I participated to the PwnMe CTF 2025 this weekend (02/03/2025), and I thought it would be fun to write about one of its CRYPTO challenges that confused many: Mirror Hash. It was rated as a Hard challenge and was worth 500 points during the competition.
Before all, you can retrieve the sources of this challenge below:
The challenge: finding a collision for a custom hash
In this challenge, we are provided with the python script challenge.py that is used on the PwnMe server and an archive Hack.zip. The goal is to interact appropriately with the script to retrieve a flag.
Having a first glance at challenge.py, we observe that it implements a custom hash function that is used to hash byte strings of arbitrary length, i.e. it deterministically derives a value from them, (hopefully) with cryptographic guarantees. However, hash functions are known to be hard to design… In this case, looking further in the script, we are asked to break the collision resistance of this hash function in order to get the flag. In more concrete terms, we have to come up with a new file for which the custom hash provides the same value as for the provided file Hack.zip.
The first thing to do now is to understand in detail the custom hash function provided to see if we notice any weakness.
How does the provided custom hash works?
Let’s look at how the hash function is implemented!
1
2
3
4
5
6
7
8
9
10
11
12
13
14
15
16
17
18
19
20
21
22
23
24
25
26
27
28
29
30
31
32
33
34
35
36
37
38
39
40
import hashlib
import struct
from secret import FLAG
class CustomSHA:
def __init__(self, data: bytes):
self.data: bytes = data
def process(self) -> str:
h0 = 0x674523EFCD.to_bytes(5, byteorder='big')
h = h0
data = self.preprocess()
for i in range(0, len(data), 8):
chunk = data[i:i+8]
h = hashlib.sha256(chunk + h).digest()[:5]
return f'{h.hex()}'
def preprocess(self) -> bytes:
data = self.data
data = bytearray(data)
data.append(0x80)
while len(data) % 8 != 0:
data.append(0x00)
data += struct.pack('>Q', 8 * len(self.data))
return bytes(data)
def sha_custom(self):
return self.process()
with open("Hack.zip", "rb") as f:
data_hack = f.read()
CustomSHA(data_hack)
sha_custom_hack = CustomSHA(data_hack).sha_custom()
It takes as input an array of bytes, and it first preprocesses it:
- It adds a special character and padding at the end to extend the array of bytes to a length multiple of 8.
- It also encodes the size of the original bytearray at the end. We will see later that this plays a crucial role in preventing trivial attacks.
Then, the actual hashing starts.

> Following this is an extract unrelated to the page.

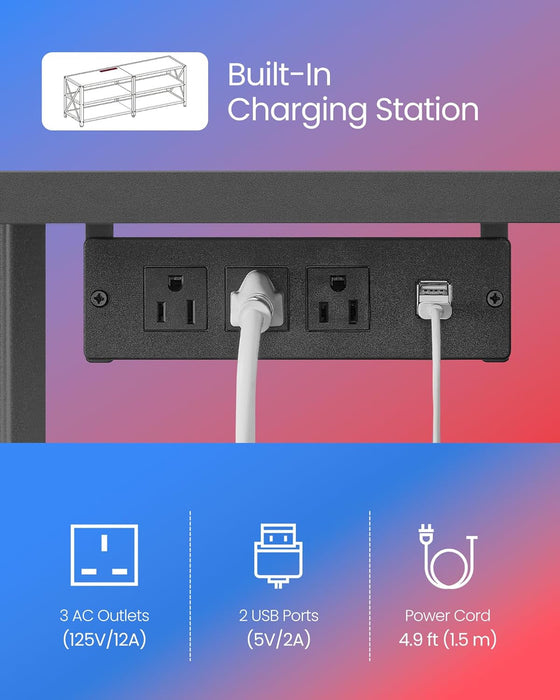 - Built-In Charging Station: 3 AC outlets, 2 USB ports, and a 4.9 ft power cable keep your TV, console, and speakers powered from one location.

It starts from a fixed initial hash \(h_0\), and then it derives sequentially a new hash for each block of 8 bytes \(c\) of the input by computing \(\mathsf{SHA256}(c || h)\) assuming \(h\) was the hash of the previous iteration. Crucially, at each iteration, it only keeps 5 bytes of the \(\mathsf{SHA256}\) output.
Eventually the final file hash is the last \(h\). Note that although it includes only the last \(h\), the inclusion of the previous \(h\) in each iteration ensures a dependency on every byte of the input.
Here’s a simplified visualization of the hashing of Hack.zip, splitting its (preprocessed) content in blocks \(c_i\).
Can we find a weakness?
A pretty straightforward weakness we can notice is the fact that only 5 bytes of \(\mathsf{SHA256}\) are used… This means there are \(2^{5\cdot 8} = 2^{40}\) possible values for the final hash.
A possible strategy to solve this challenge could be to try random files until we get the same final hash. Assuming that \(\mathsf{SHA256}\) outputs random looking bits, this would require on average \(2^{40}\) attempts. With enough computation power and time this actually could work. However, in the context of this challenge we had limited time and wanted a faster solution.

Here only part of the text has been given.